Yes, the gradient is exploding. and I think it should be related to the loss function. I'll send you some data, and you can remove your new codes and try them to see if you still have this problem.

LPZliu commented 7 months ago

I chose to reproduce your code without any problems.

sstary commented 7 months ago

So do you need the Vaihingen dataset?

LPZliu commented 7 months ago

Through my tireless efforts I've finally solved the problem. Can you tell me the code for the rest of your paper's comparison method?

sstary commented 7 months ago

I'm glad you solved your problem. The rest of the comparison methods are mostly open source online.

LPZliu commented 7 months ago

I didn't change anything but it didn't run as well as your paper. How can I use your data in my own article.

sstary commented 7 months ago

Did you load the pre-trained weights?

LPZliu commented 7 months ago

I don't think that's fair, using other methods doesn't have pre-trained models for large languages

sstary commented 7 months ago

All methods in our experiments are used with pre-trained weights.
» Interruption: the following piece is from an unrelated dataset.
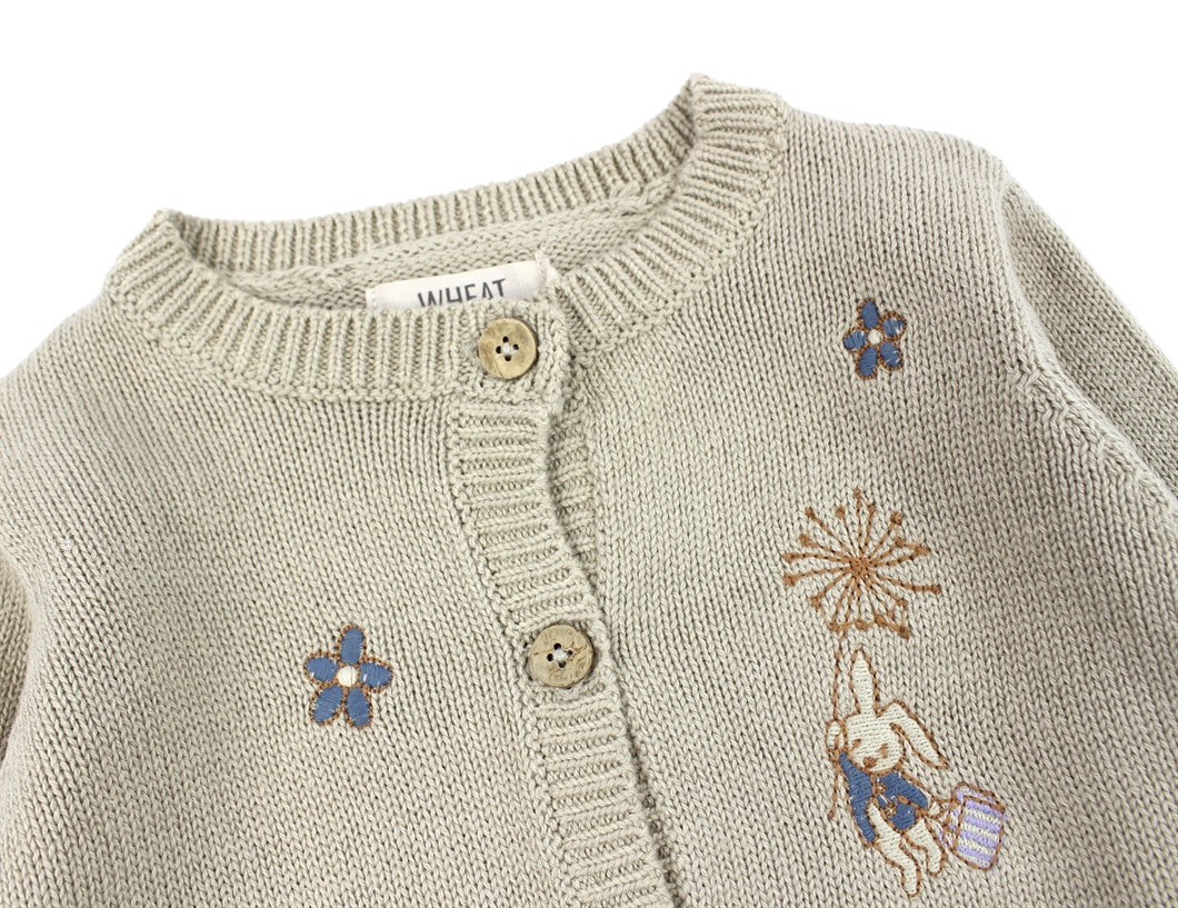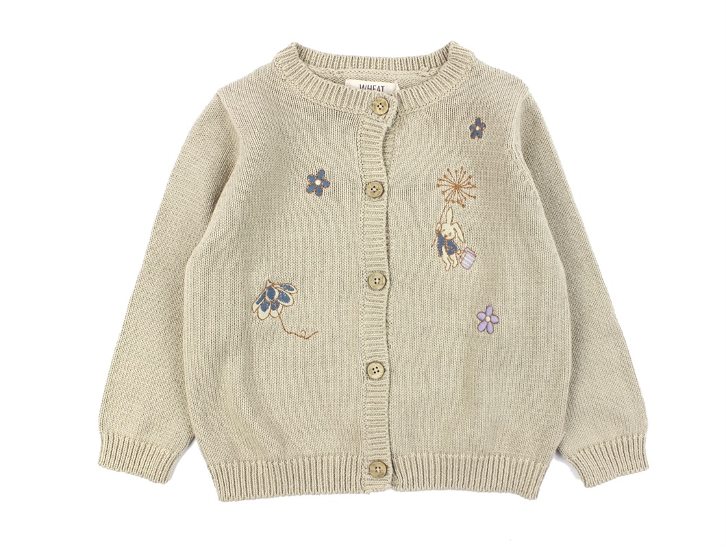 Strikcardigan i farven soft beige med broderidetaljer fra Wheat.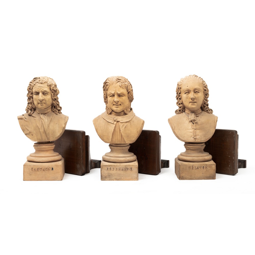 TRE MEZZIBUSTI in terracotta con mensola in legno

LPZliu commented 7 months ago

When I quote your posts, can I run as much as I want. Not quoting with your article data because my models all don't use pre-training

sstary commented 7 months ago

Of course. This work mainly introduces an approach to introduce VSS module into remote sensing field, and there are imperfections. We look forward to your research in your environment.